In principle, the applied opposing force can be varied in its height over time by means of the control device. For example, this can also take account of a changed external force.

The proposed solution in particular, as already explained above, is suitable for adjusting drives without a self-locking feature and kinematic adjusting mechanisms without a self-locking feature. Correspondingly, one design variant also provides that the adjusting drive comprises a non-self-locking transmission. With external forces, the kinematic adjusting mechanism thus cannot be kept in a particular adjustment position via a self-locking feature of the transmission on the side of the adjusting drive. The generation of the opposing force by means of the motor-type adjusting drive then is provided for this purpose. By avoiding a non-self-locking transmission as part of the adjusting drive the adjusting drive regularly can be designed lighter in weight and more compact. Moreover, a faster response behavior thereby can be achieved when actually an adjustment of the interior assembly is desired.

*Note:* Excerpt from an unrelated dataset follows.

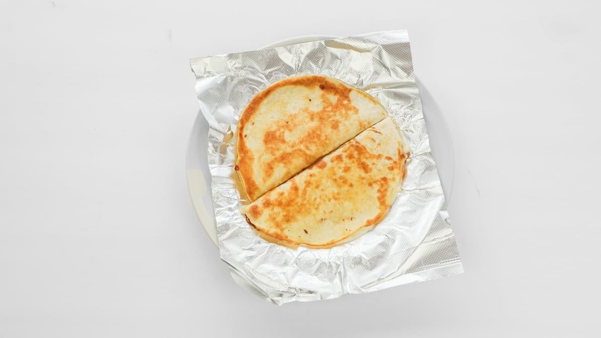 Grilled flour tortilla filled with melted cheese, typically served with sour cream, guacamole, pico de gallo, and lettuce

In a possible design variant, a short-circuit brake is provided for generating the opposing force or for increasing the opposing force. An adjusting motor of the adjusting drive then can generate a braking effect, in particular permanently, in the case of an emerging adjustment of a monitored component or in the case of an applied on-board signal received at the detection device, such as for example a crash warning.

As already explained here, the detection device in principle can be provided for monitoring at least one component of the adjusting drive and/or for monitoring at least one component of the kinematic adjusting mechanism. In principle, monitoring of the interior assembly itself of course is possible alternatively or additionally in order to infer the presence of a possible adjustment event. When an adjustment of the interior assembly or a part thereof is assumed to be relevant for the question of whether an adjustment event does exist, this however regularly is not desirable from a comfort point of view. It rather is perceived as advantageous that an undesired adjustment due to external forces is counteracted already within the adjusting drive and/or the kinematic adjusting mechanism, before an adjustment of the interior assembly perceptible or visible for a user is effected.

For monitoring purposes, the detection device can comprise a monitoring sensor system with at least one sensor. For example, optical, magnetic or capacitive sensors are conceivable therefor, in particular sensors by means of which a changed adjustment position can be detected. For example, in particular at least one Hall sensor or an analog, magnetic rotor position sensor is provided. Alternatively or additionally, a radar or lidar sensor and/or a camera can be used.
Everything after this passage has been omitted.